- GIVEN MATERIAL -
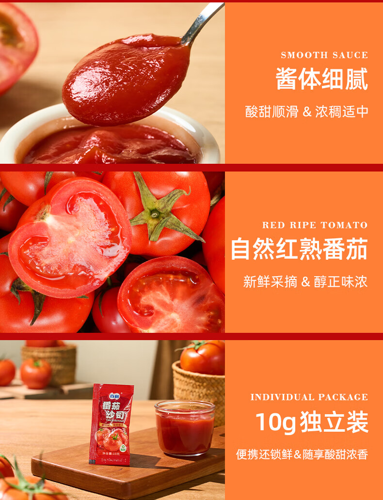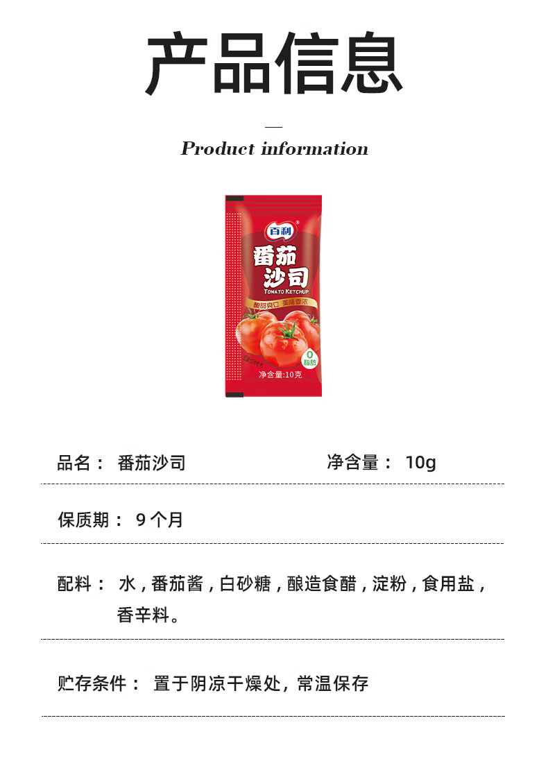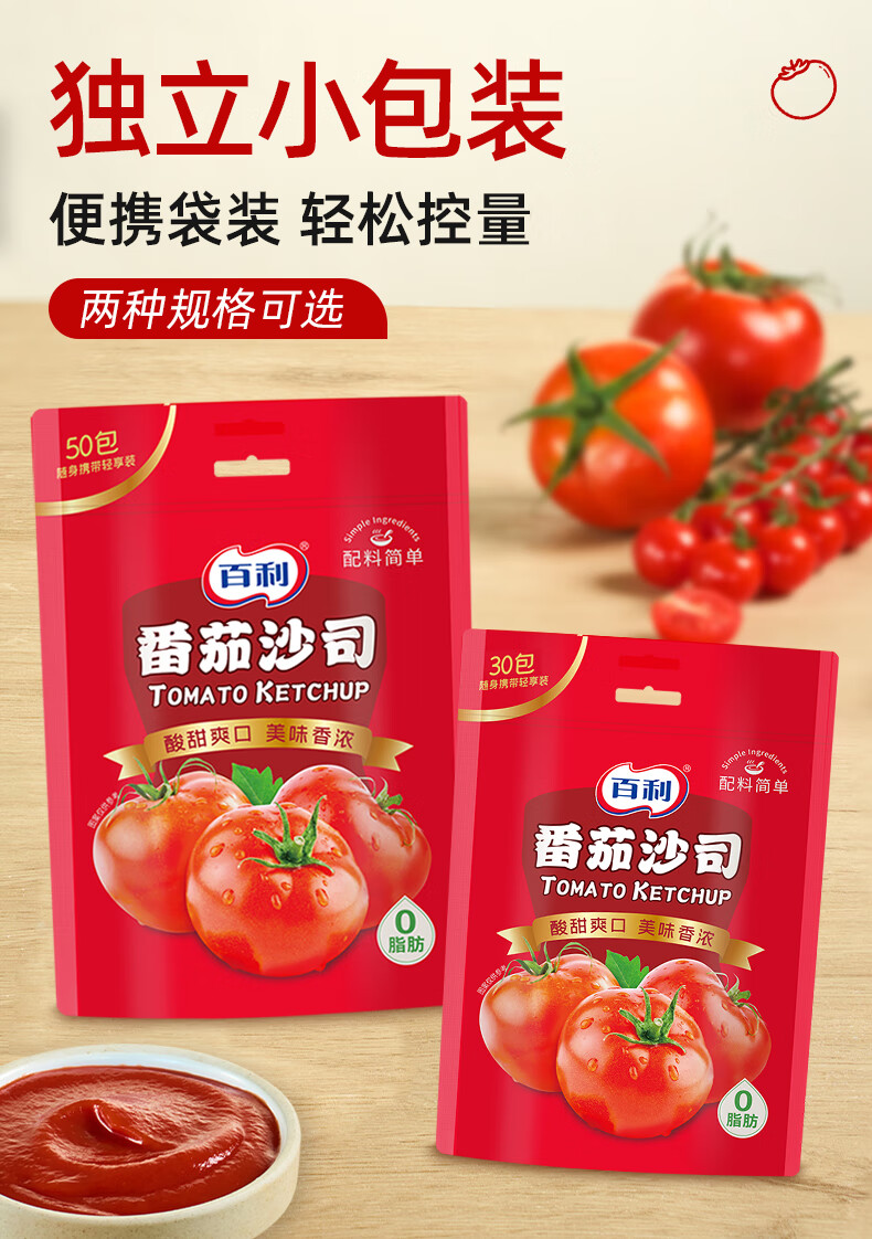 百利番茄酱番茄沙司0添加0防腐剂意大利面薯条酱10g*30包
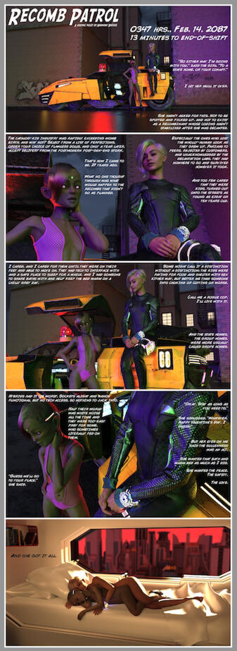 An experiment with imagery and text that tells of some of the repercussions of a future wherein genetic engineering (recombination) is a mass-market reality, and children are reduced to commodities that can be made to order from catalogues.Too short to be a short story, this is more like a transgressive, semi-erotic haiku with about 93 extra syllables (fewer than 400 words). 1620x4560-pixel JPEG.
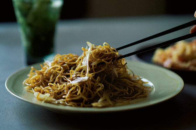 (1)フライパンにサラダ油を中火で熱し、蒸し麺を入れて、水大さじ2を加える。箸でほぐしながらしっかりと焼き色がつくまで炒め、醤油を回しかける。
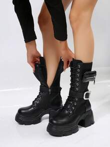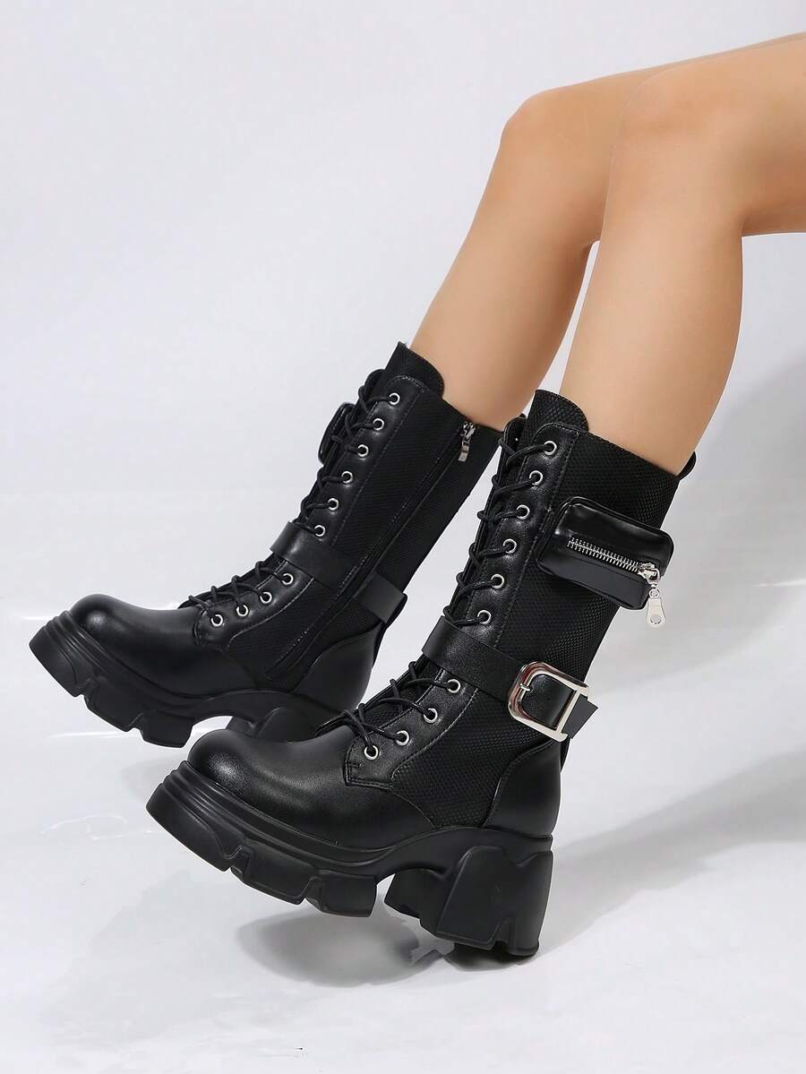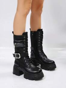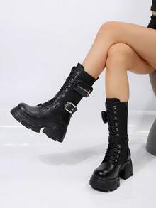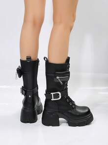 Grunge Punk Women's British Style Chunky Heel Mid-calf Boots

- EXERCISE REQUIREMENTS -
Restate all of the material above word for word. Pictures do not belong in it.

- WRITTEN SOLUTION -
 百利番茄酱番茄沙司0添加0防腐剂意大利面薯条酱10g*30包
 An experiment with imagery and text that tells of some of the repercussions of a future wherein genetic engineering (recombination) is a mass-market reality, and children are reduced to commodities that can be made to order from catalogues.Too short to be a short story, this is more like a transgressive, semi-erotic haiku with about 93 extra syllables (fewer than 400 words). 1620x4560-pixel JPEG.
 (1)フライパンにサラダ油を中火で熱し、蒸し麺を入れて、水大さじ2を加える。箸でほぐしながらしっかりと焼き色がつくまで炒め、醤油を回しかける。
 Grunge Punk Women's British Style Chunky Heel Mid-calf Boots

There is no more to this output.